One thing you should never do when offering support to someone affected by tragedy? Compare their grief to your own (or someone else’s) in an attempt to make them feel better.

“Every person has experienced loss in their life, but no one else has experienced this grief,” Devine says. “It’s tempting to offer your own experience of grief in order to let the grieving person know you understand. The truth is, you don’t understand. You can’t. Even if your loss is empirically very similar, resist the urge to use your own experience as a point of connection.”

After an incident like the Las Vegas shooting, news reports are coming in almost constantly with new facts, figures and information. If someone is coming to you for support and happens to get something ‘wrong’, resist the urge to fact check every little thing they say.

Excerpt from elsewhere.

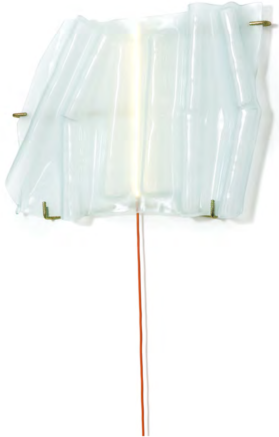
PAOLO GONZATO • BARACCHE HINT OF MINT WALL LAMP

“Especially in early grief, a person’s timeline and internal data sources are rather confused and wonky,” Devine says. “They may get dates wrong, or remember things differently than they actually happened. You may have a different opinion about their relationships, or what happened when and with whom. Resist the urge to challenge or correct them. Let them own their own experience. It’s not important who’s ‘more’ correct.”